Yes, you may feel the need to urinate because the penis has a way of poking the bladder. To prevent this, go to the bathroom right before sex; that will ease your mind about feeling like you have to pee in the middle of lovemaking. The other thing you should do [because it will help strengthen muscles down there and give you deeper orgasms] is Kegel exercise. You can do this anywhere while sitting at your desk or waiting in line. To do Kegels, isolate the muscle that controls the flow of urine, contract it, count to 10, then release. Start with a hundred of these a day, and build up to about 300.
Another possibility is that you are experiencing “female ejaculation” during sex. This happens when your husband hits your G-spot (a small gland on the upper wall of the vagina that feels spongy). This is good, because it will give you more intense orgasms. But for some women, stimulating the G-spot causes a clear fluid — females ejaculate — to be expelled from the Skene’s gland, also known as the urethral sponge. This can happen right before or during an orgasm. It’s not urine, but since it’s a fluid from the same vicinity, it’s often mistaken for it.
I can’t keep an erection with condom
When having sex, I’ll have a healthy erection and after some time, my erection gets weaker when using a condom. If I take the condom off, I’m able to regain a strong erection again. What is causing this and what can I do to fix this problem? I want to be able to please my wife as well as prevent pregnancy.
Try a different brand of condom. Some are thicker and less sensitive than others. Have a condom on during foreplay and get used to it. If you are losing your erection, just relax and allow your partner to help you out. It will most likely come back.
There is nothing physically wrong with you or your condom use. This may just be psychological. With a caring and understanding wife, your sexual exploits can last longer and actually be more interesting by repeatedly getting and losing an erection. Besides, there are many more ways to please your wife than with your penis.  Have you tried a blow-job on her recently? Have you taken time to ask her to tell you her trigger points or spent enough time with those spots? If not, please do so and get back to me.  

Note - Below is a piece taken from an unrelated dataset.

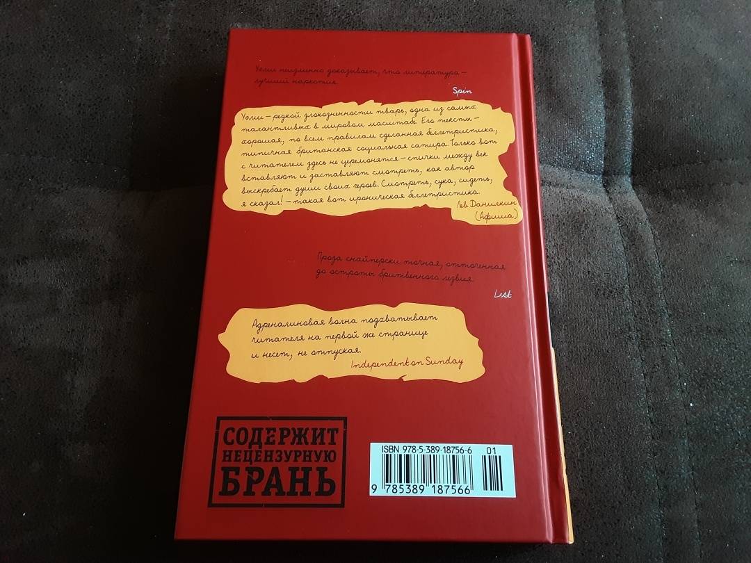 Объем, стр. 448 ISBN 978-5-389-18756-6 Автор Уэлш Ирвин, Шер Максим Переводчик Шер Максим Серия Уэлш Ирвин Язык Русский Минимальный возраст 18+ Год издания книги 2021 Тип обложки Твердый переплет Иллюстрации Без иллюстраций Вес, г 506г Размеры 208х135х26 мм - Отзывы

What does safe sex really mean; is it attainable?
 Ideally, safe sex means only having sex with someone who is not involved with other sex partners and who is not involved with hard drugs and who you’re absolutely, positively, 100 per cent sure has not had sex with anyone else before or in years.

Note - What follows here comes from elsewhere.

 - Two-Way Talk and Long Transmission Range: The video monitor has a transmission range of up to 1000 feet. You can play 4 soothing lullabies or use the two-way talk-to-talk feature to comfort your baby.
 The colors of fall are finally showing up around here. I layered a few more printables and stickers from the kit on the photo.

In reality, although it may seem difficult to discover such individual or maintain such a relationship, it is absolutely possible.  Safe sex means not having sex until you trust a person as a life partner and eventually getting married.

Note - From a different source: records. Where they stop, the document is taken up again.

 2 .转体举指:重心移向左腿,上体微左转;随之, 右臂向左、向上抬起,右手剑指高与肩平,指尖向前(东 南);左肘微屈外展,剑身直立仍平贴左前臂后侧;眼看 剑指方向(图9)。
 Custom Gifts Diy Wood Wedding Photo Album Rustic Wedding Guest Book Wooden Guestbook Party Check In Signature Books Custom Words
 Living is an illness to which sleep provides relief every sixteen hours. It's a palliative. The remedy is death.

Even better: if you intend getting married to anyone, it is good not to have sex until you and your partner are tested for every other forms of STDs and AIDS. And don’t have the AIDS test until you’ve been dating for a long time (because recent research has shown it can take years for the AIDS antibodies to show up). In the meantime, be as focused as you can and concentrate more on worthwhile ventures that will increase your life productivity level. Note that sexual need is not like water, food or air.
Actually it should be treated as an opportunity to experiment and have fun rather than as a hindrance to sexual expression, delaying intercourse can be very exciting.